■ **What to produce**:
Scan the entries below and tally the lines that include "from". Return nothing but the tally.

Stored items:
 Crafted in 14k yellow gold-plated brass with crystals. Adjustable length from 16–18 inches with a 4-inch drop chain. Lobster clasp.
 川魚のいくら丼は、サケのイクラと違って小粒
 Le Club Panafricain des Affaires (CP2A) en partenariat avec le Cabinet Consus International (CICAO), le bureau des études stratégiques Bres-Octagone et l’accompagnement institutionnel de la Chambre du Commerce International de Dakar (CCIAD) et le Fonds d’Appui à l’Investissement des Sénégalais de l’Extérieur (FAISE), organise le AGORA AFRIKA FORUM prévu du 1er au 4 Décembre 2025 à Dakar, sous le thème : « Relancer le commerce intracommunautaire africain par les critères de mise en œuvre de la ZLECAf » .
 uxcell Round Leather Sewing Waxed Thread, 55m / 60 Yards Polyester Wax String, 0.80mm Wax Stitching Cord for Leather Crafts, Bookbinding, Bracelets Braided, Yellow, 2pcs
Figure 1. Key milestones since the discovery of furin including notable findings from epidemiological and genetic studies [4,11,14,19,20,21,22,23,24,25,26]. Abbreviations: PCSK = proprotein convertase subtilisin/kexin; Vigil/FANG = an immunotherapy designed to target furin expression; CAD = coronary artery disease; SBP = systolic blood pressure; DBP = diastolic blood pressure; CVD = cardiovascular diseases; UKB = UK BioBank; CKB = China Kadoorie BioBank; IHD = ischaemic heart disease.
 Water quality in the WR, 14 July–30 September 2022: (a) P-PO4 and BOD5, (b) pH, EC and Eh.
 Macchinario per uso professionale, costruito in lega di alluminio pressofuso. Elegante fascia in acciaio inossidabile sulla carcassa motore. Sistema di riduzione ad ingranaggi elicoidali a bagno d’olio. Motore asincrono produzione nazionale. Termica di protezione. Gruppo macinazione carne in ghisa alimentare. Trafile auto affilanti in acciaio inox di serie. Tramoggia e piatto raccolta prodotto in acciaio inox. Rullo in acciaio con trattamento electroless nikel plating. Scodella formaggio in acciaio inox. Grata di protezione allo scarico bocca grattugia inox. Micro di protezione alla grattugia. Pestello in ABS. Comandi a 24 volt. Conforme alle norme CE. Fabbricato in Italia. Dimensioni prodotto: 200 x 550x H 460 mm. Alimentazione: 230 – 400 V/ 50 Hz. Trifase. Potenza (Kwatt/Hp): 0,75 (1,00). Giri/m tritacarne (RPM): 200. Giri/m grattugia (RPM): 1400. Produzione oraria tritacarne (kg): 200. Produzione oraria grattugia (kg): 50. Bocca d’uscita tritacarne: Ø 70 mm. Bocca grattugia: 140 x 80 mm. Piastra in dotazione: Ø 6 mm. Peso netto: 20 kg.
---
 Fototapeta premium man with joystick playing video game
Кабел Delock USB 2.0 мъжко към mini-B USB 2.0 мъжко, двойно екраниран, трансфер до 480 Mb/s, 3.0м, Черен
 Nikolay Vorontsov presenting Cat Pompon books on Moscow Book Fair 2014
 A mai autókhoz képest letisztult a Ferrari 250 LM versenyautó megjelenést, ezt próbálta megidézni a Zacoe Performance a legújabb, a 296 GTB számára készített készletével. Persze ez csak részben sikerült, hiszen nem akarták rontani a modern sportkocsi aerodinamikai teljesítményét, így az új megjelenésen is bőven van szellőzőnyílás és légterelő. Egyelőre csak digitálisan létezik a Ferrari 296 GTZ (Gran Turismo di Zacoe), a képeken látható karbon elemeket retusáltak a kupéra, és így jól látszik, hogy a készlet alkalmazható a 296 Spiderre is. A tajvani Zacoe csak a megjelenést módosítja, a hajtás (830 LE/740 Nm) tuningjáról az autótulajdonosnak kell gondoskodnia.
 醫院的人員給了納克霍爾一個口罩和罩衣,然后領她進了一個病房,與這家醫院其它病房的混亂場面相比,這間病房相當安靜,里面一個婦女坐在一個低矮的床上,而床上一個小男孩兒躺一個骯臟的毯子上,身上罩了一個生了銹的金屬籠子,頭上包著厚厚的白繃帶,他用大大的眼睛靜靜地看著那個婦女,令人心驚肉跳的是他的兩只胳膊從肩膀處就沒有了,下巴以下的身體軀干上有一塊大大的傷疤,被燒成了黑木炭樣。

■ **Result**:
2